Open Letter To The Los Angeles Times On Its “Gender Neutral” Category Push



BY SASHA STONE

The Los Angeles Times’ Editorial Board has decided to push for “gender-neutral” categories for the major award shows because having them separated is “sexist”:

The Academy Awards show, a high-tech production televised around the world, is still handing out Oscars for leading performances in one category for actors and another for actresses — the way it first did nearly 95 years ago over dinner at the Hollywood Roosevelt Hotel. The Television Academy similarly bestows Emmys for performances in TV shows by gender in separate categories for men and women.

They then start their next paragraph with the following:

“But other awards shows have dispensed with this industry shibboleth…”

OTHER award shows? Does the “Editorial Board” actually think the Oscars can compare with “other” award shows? They can’t. Sorry. Those “Other” award shows are comprised of either film critics or various bloggers. They aren’t even on the same planet as the Oscars, let alone in the same room. Their primary goal is to protect their own image online and/or not get viciously attacked by activists. At best, to be a good person doing good things.

Whoever they have hired at LAT to represent their “editorial board” does not understand history — Film history, Oscar history, or even the endless toiling it has taken from activists to get to the point where a film like The Woman King could be made at all. Do they have any clue how hard it would have been to get The Woman King made at that kind of scale, starring Viola Davis, directed by Gina Prince-Bythewood? It’s taken years of reports, of activists working behind the scenes, of executives greenlighting it. It was not an easy road.

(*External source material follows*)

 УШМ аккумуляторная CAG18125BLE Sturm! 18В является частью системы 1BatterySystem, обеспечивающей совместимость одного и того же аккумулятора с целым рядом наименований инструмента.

Davis has never won Best Actress, despite having won the SAG twice. Now, they’re trying to take that chance away? That’s not to say she will win this year but imagine — winning Best Actress feels like an accomplishment. Winning “Lead Performance” doesn’t. Sorry, it just doesn’t. That’s the reality, and everyone knows it.

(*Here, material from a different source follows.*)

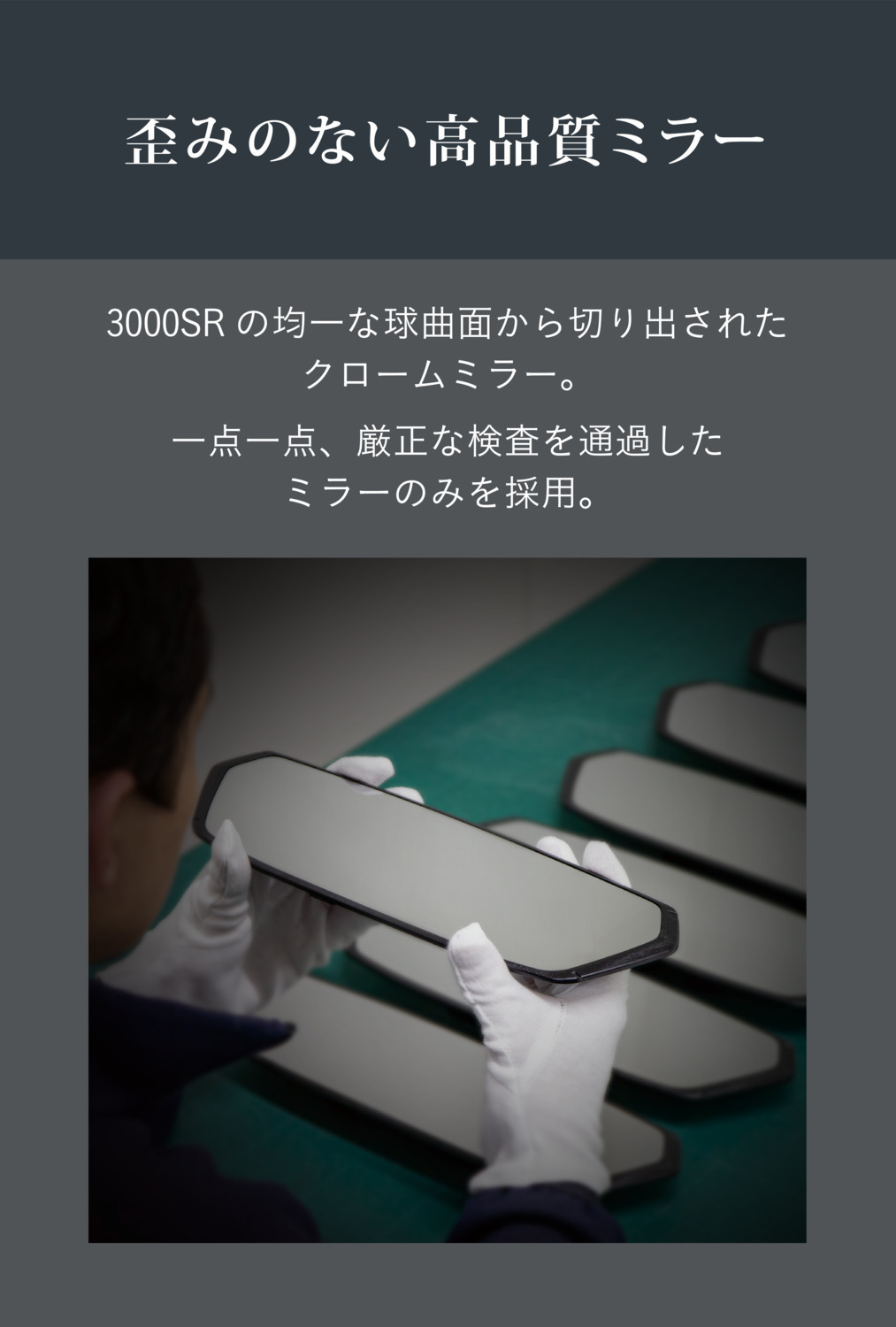 「一点一点、厳正な検査を通過したミラーのみを採用」

I don’t think the Academy, or the SAG or the Golden Globes are going to be dumb enough to go down this road. The film critics want it, fine. Have at it. But if you’re talking about AWARD SHOWS, which are televised for ratings, then you best be bringing the heat. And the heat is never going to be in “gender-neutral” acting categories.

The BAFTA are the only major group I could see buckling under the pressure as they did post-2020 with upending their process for choosing Best Director and the acting categories, bringing in juries to “fix” their problem with race and gender. They went through all of that, forcing the vote to include half women for Best Director only to now be faced with removing gender entirely. As long as a special jury decides, it probably doesn’t matter if they have gender-specific categories. They will, like the LA Film Critics, BAFTA voters will deliberately make them “fair.”

In case you haven’t noticed, the Oscar industry is dying because the movie industry is dying. It isn’t dying in terms of money, at least not yet. The big franchise movies will still bring in profits. More movies are being made now than there ever have been. They just don’t get seen by many people. They rarely embed in the culture in any significant way anymore. They live as an isolated experience for a handful of people they’re made for. The room is shrinking. The experience is becoming more elitist, less universal.

These problems aren’t because Hollywood has been sucked into a strident new religion. They started long before that. But the strident new religion is killing off what’s left. This is clear to anyone outside of the increasingly shrinking bubble that Hollywood has become.

This isn’t the first time religious zealots have captured Hollywood. Christianity was the dominant religion in this country and still is. But for decades, that percentage was over 90%. That is why films about other religions were few and far between. That is also why a movie like It’s a Wonderful Life opens with villagers praying for George Bailey. And it’s why the Hays Code was established to purge Hollywood of its sins and prevent them from spilling out into the public.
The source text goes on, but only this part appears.